#### Input material

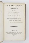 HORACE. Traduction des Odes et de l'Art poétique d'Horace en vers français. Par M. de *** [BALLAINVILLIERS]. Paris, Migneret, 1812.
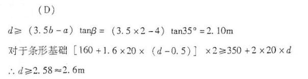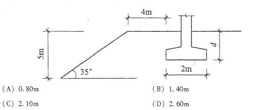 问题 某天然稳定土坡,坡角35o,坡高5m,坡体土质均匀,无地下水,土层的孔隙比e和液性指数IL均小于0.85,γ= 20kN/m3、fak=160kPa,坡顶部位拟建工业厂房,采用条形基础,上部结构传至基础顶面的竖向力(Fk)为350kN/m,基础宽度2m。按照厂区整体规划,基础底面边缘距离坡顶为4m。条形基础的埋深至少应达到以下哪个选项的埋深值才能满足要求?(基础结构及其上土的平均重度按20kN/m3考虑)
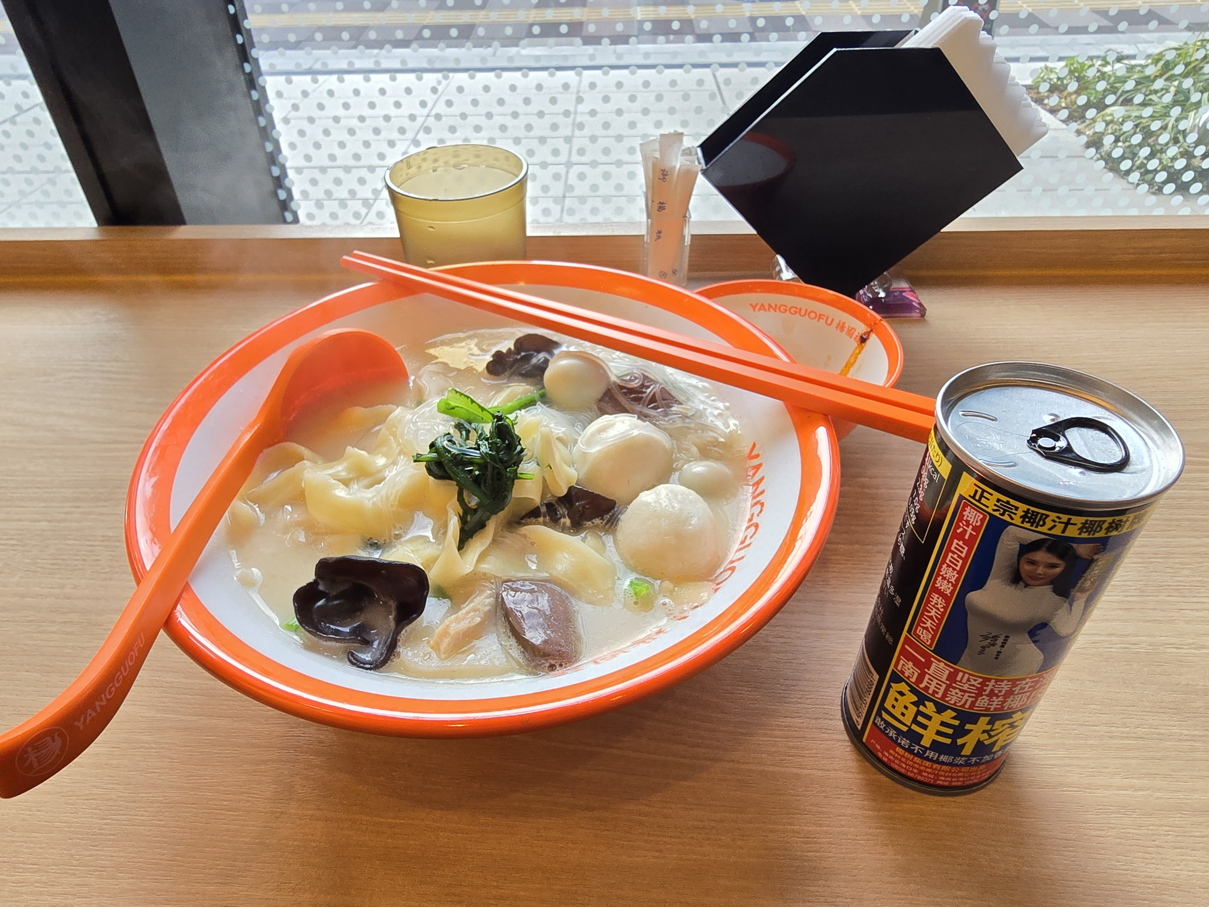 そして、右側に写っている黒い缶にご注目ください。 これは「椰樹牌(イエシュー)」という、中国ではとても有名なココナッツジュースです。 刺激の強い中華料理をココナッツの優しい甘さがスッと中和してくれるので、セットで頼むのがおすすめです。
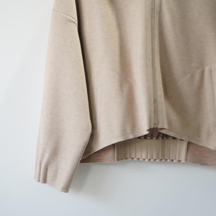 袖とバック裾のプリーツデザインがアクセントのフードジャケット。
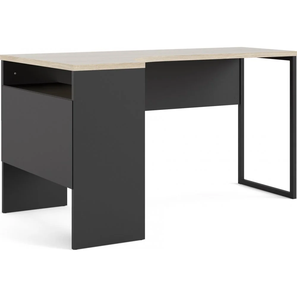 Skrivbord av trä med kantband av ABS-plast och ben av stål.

########
#### Input material

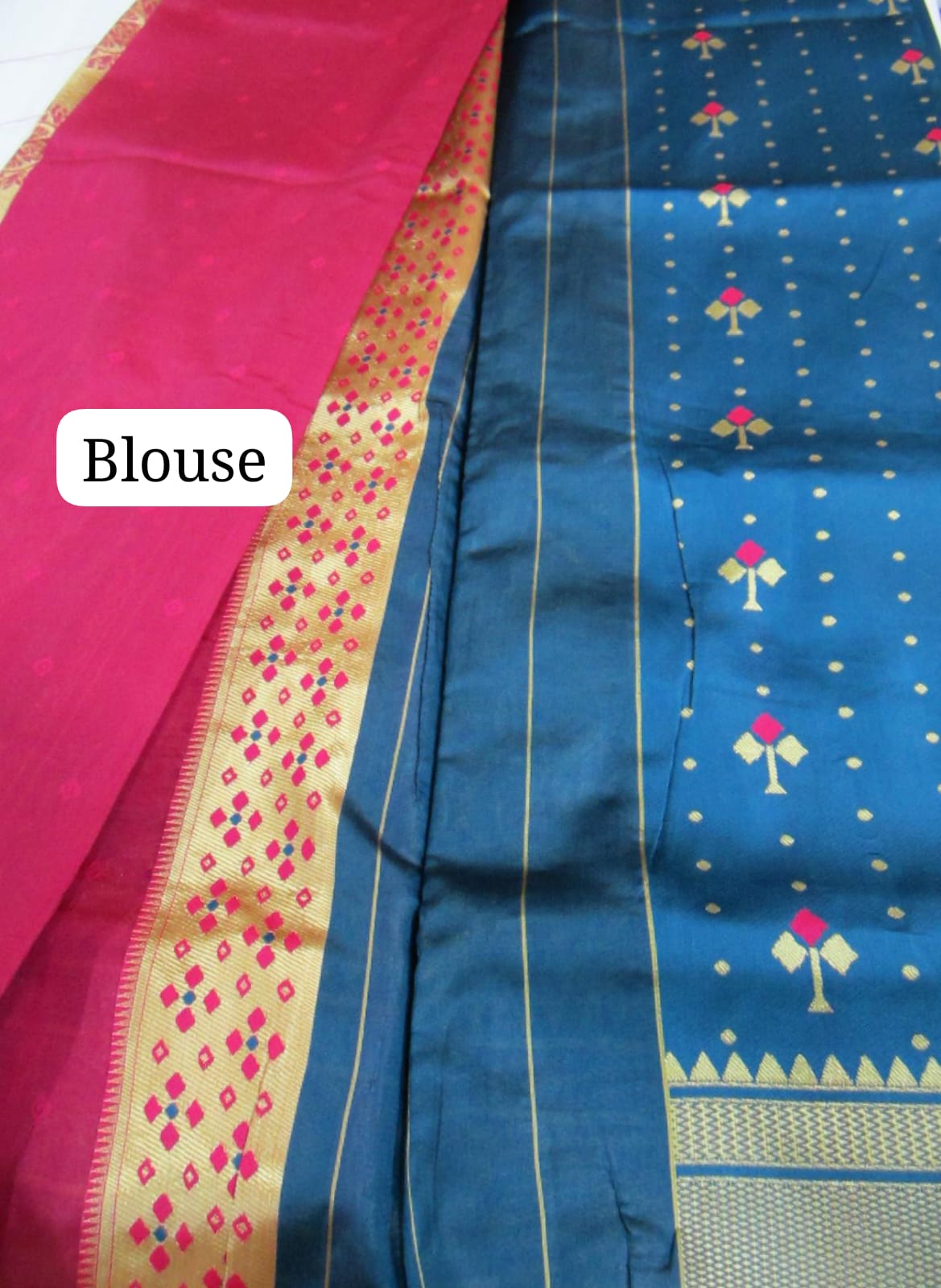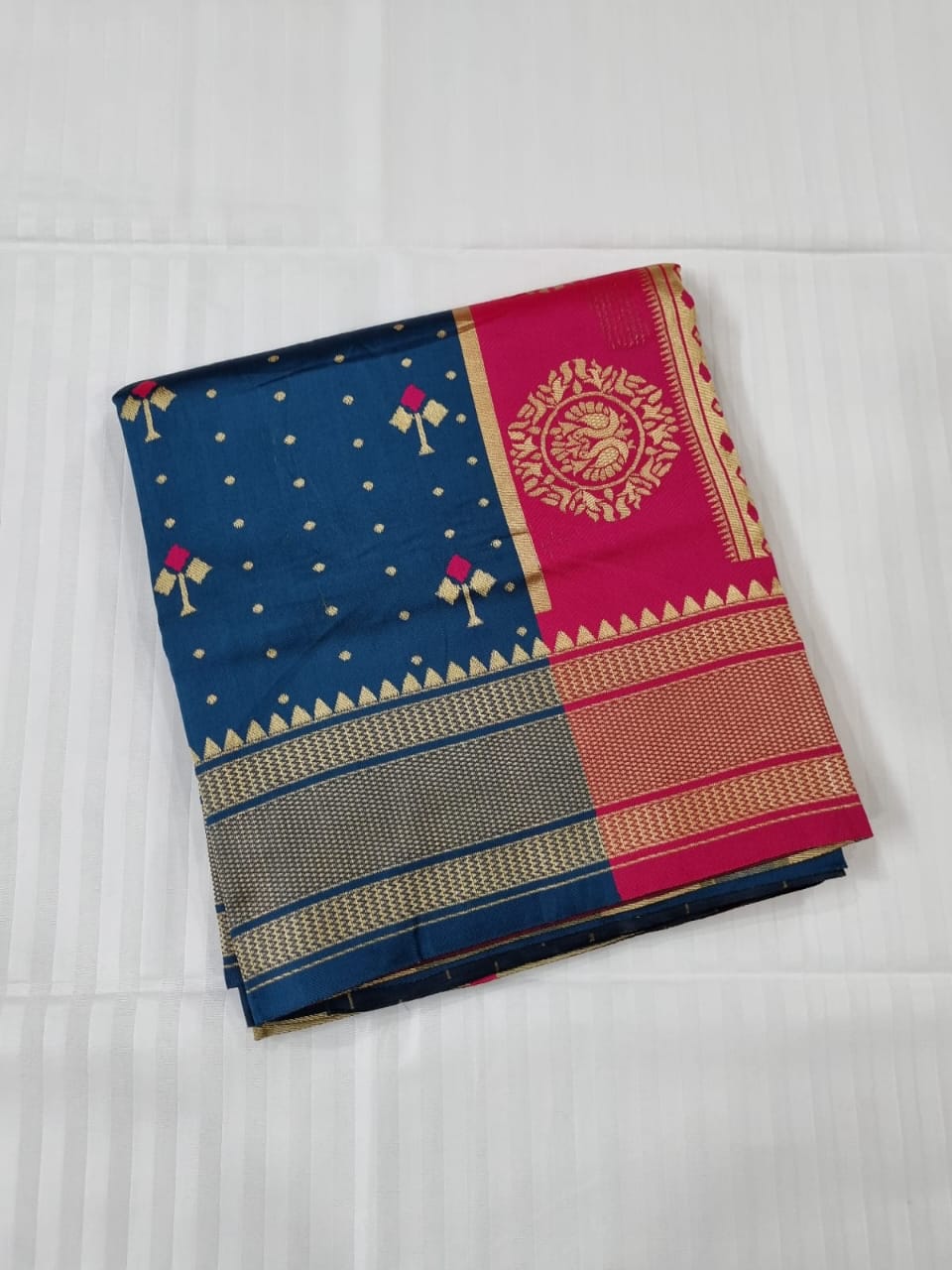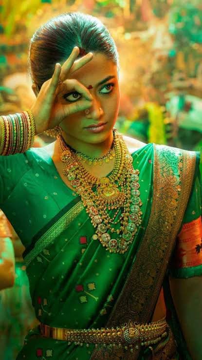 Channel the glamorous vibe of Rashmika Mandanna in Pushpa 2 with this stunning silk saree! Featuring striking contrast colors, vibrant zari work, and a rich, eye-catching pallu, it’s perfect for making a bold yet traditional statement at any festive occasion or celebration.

########

▶ [Requirement] Your copy should hold the lines from the one with "HORACE. Traduction des" up to and including the one with "Skrivbord av trä", exactly as in the data above, and no pictures.

▶ [Response to the exercise]
 HORACE. Traduction des Odes et de l'Art poétique d'Horace en vers français. Par M. de *** [BALLAINVILLIERS]. Paris, Migneret, 1812.
 问题 某天然稳定土坡,坡角35o,坡高5m,坡体土质均匀,无地下水,土层的孔隙比e和液性指数IL均小于0.85,γ= 20kN/m3、fak=160kPa,坡顶部位拟建工业厂房,采用条形基础,上部结构传至基础顶面的竖向力(Fk)为350kN/m,基础宽度2m。按照厂区整体规划,基础底面边缘距离坡顶为4m。条形基础的埋深至少应达到以下哪个选项的埋深值才能满足要求?(基础结构及其上土的平均重度按20kN/m3考虑)
 そして、右側に写っている黒い缶にご注目ください。 これは「椰樹牌(イエシュー)」という、中国ではとても有名なココナッツジュースです。 刺激の強い中華料理をココナッツの優しい甘さがスッと中和してくれるので、セットで頼むのがおすすめです。
 袖とバック裾のプリーツデザインがアクセントのフードジャケット。
 Skrivbord av trä med kantband av ABS-plast och ben av stål.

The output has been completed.